Кстати, я через предложение пишу "мне показалось", "я ощущала", "я чувствовала". Но я, и в самом деле, воспринимала окружающих людей не глазами, а чувствами. Что я могла увидеть? Лишь внешние данные тех, с кем я в это время имела дело. Сначала я обозревала командира, потом очередь дошла до первого штурмана, а бортинженера я так и не успела рассмотреть, потому что он отправился в свой ежедневный обход корабля. Мистер Форстер внешне довольно благообразен, даже привлекателен. Нос у него красивый, прямой, с лёгкой горбинкой, глаза обычные европейские, светло-серые в голубизну, губы твёрдо очерчены, производят впечатление тонких из-за его манеры их крепко сжимать, подбородок выдаётся вперёд, но не так сильно, как мне это показалось вчера. Я читала, что выдающийся вперёд подбородок — признак мужественности и силы характера. Может, эта отличительная особенность его лица накладывает на весь его облик отпечаток властности и лидерства, а может, его мужественная душа заявляет о себе через взгляд, но сразу чувствуешь, что этот человек стремится к чему-то великому, мечтает о подвигах и героической работе и, кто знает, возможно, скоро его имя прогремит на всю Вселенную. Но это его дело, а для окружающих важно, чтобы, стремясь в звёздные дали, он при этом не задевал их самолюбия. Мне не понравилась его манера разговаривать. Я и формально и по существу у него в подчинении, все мои расчёты будут представлены ему, со всеми вопросами я буду обращаться опять-таки к нему, с плохой стороны я себя ещё не проявила, непочтительности не выказывала, так что это высокомерие, пробивающееся в его обращении со мной, подчёркивание своего начальственного положения, меня коробило. Интересно, такая манера обращения с подчинёнными присуща лишь первому штурману или это норма поведения на корабле? А может, я просто привыкла, что ко мне уважительно относятся Алексей Афанасьевич и в Комитете, и болезненно переношу любое другое отношение к своей персоне? Наверное, чтобы делать выводы, нужно накопить побольше данных, а не руководствоваться первым возникшим чувством.
Как бы то ни было, я испытала удовольствие, когда мистер Форстер оставил меня одну, а сам отправился завтракать. Почувствовав себя на свободе, я прежде всего очень внимательно огляделась вокруг и своими глазами, а не глазами первого штурмана увидела окружающие предметы. Что ж, сразу можно было сказать, что зрелище впечатляло. Прежде всего, это был не наш грузовик, выполняющий бог весть какие по своему разнообразию функции, а исследовательский корабль новейшей конструкции, предназначенный для дальних межзвёздных перелётов, следовательно рубка здесь была несравнимо больше и позволяла иметь перед глазами все необходимые приборы, заполнявшие все стены сверху донизу. Потом надо отметить стиль. У нас, к сожалению, приборы от разных заводов и, не говоря уж о внешнем оформлении, даже покрашены разной эмалью. Здесь же дизайнеры приложили немало стараний, и тёплый насыщенный серый цвет выступающих стенок приборов и окантовок переходил в светло-серый цвет панелей, расчерченных указателями и оживлённых экранами. Белый потолок и серый пол дополняли композицию и создавали впечатление простора. Если честно говорить, пока я смотрела на окружающий меня мир глазами художника, разноцветное мигание лампочек, усеивающих панели, казалось праздничной иллюминацией, и лишь потом я осознала, что даже цвета лампочек подобраны очень тщательно и для зрительного восприятия и для работы с приборами. Каждый цвет соответствовал определённому назначению, а сочетание этих цветов позволяло человеку с плохо развитым чувством цвета легко ориентироваться среди мигания или ровного горения лампочек, но и не резало глаз чрезмерными контрастами.

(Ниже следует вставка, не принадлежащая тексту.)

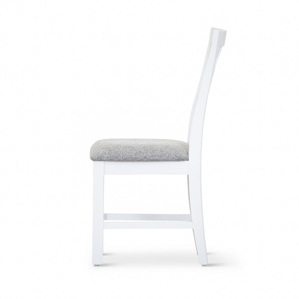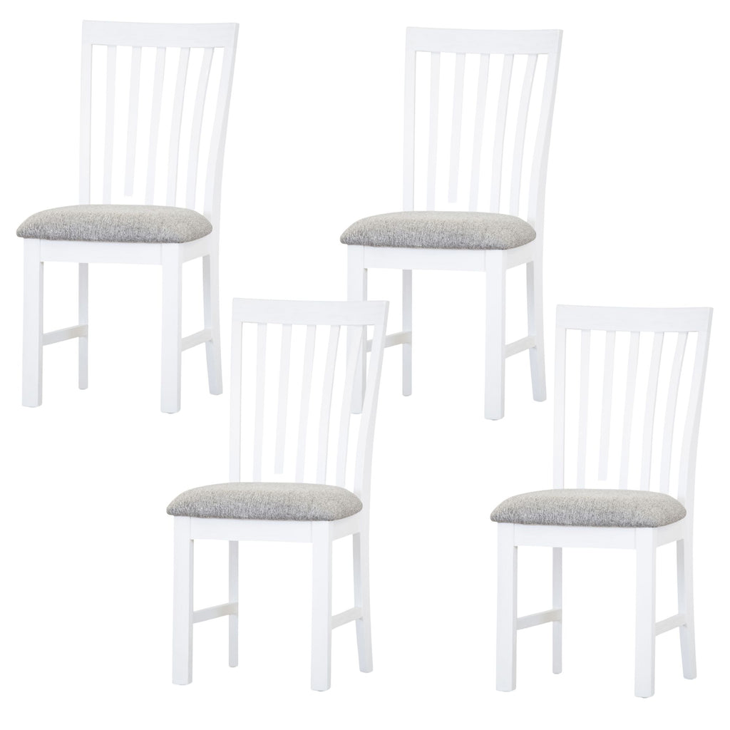This beautifully designed 4-piece dining chair set is composed of sustainably sourced Solid Acacia and MDF. The wood ensures the strength and durability of the chairs for years to come. The chairs are angled just at the right places to maximize their clean line aesthetics that decorate the dining area brilliantly.Designed in the coastal style, the chairs feature a minimalist, functional, and contemporary design. Due to the vivid white colour, the chairs exude a serene feel in the atmosphere, which helps in creating truly joyful moments with family and friends. The chairs have thick front legs and beautifully tapered back legs. The chair is exceptionally comfortable as its seat is upholstered in 100% polyester fabric. The set of chairs comes with a one-year warranty.
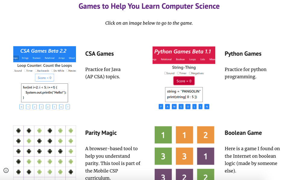 - APCSA(자바 AP시험), 파이썬, 기타 코딩 문법을 웹 게임을 하면서 재밌게 공부할 수 있는 사이트를 소개합니다.
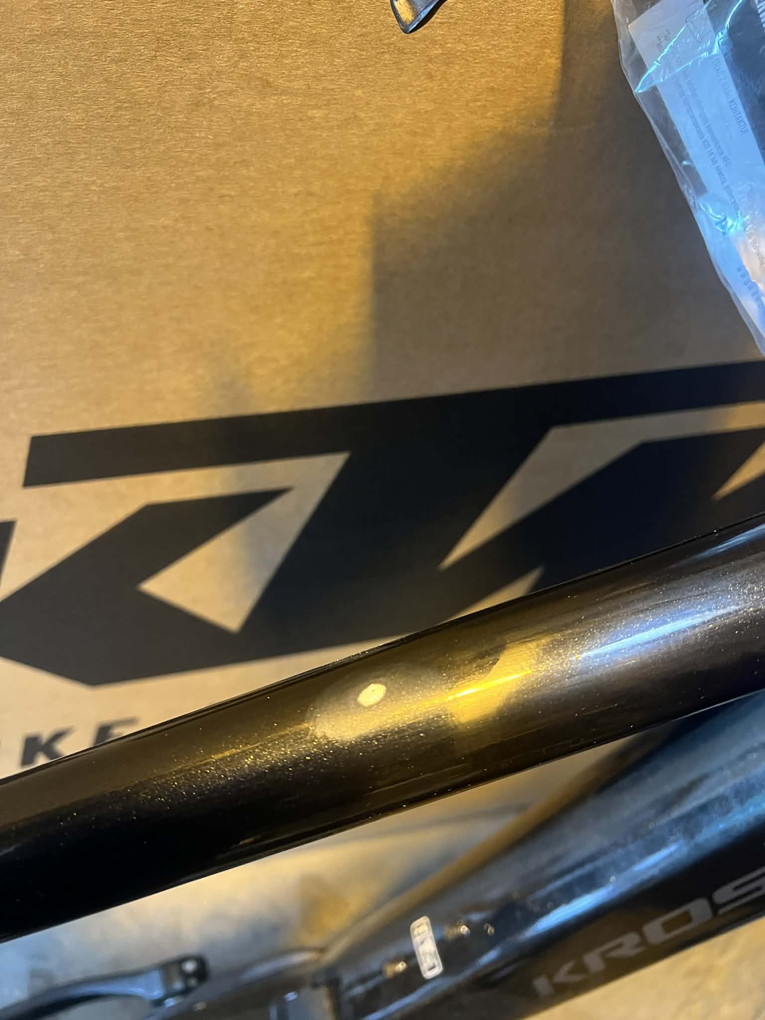 Rower jest nowy, posiada drobne odpryski lakiernicze i delikatne zarysowania.
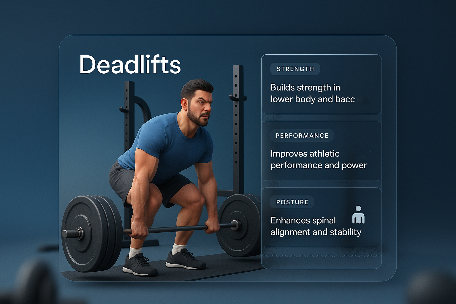 /Collection: /by davooda/Type: PNG/A dynamic 3D illustration showcasing a man performing deadlifts. The background features a smooth gradient, with text blocks highlighting strength, performance, and posture benefits.

Размеры помещения позволяли не скупиться на столы, которые тянулись вдоль стен, составляя как бы одно целое с приборами. Столов было несколько, но разве могла я предположить, что один из них сулит мне такую радость? Если бы у меня хватило сообразительности прежде всего обратить внимание на обстановку, а не на людей, я с большей терпимостью отнеслась бы к бездушной холодности мистера Уэнрайта и к высокомерной манере разговаривать мистера Форстера. Сейчас, когда я была в рубке одна, зная, что все прочие завтракают в столовой и не могут помешать мне поближе познакомиться с этим очаровательным существом, неприятные моменты начала моего первого дня потеряли всякое значение.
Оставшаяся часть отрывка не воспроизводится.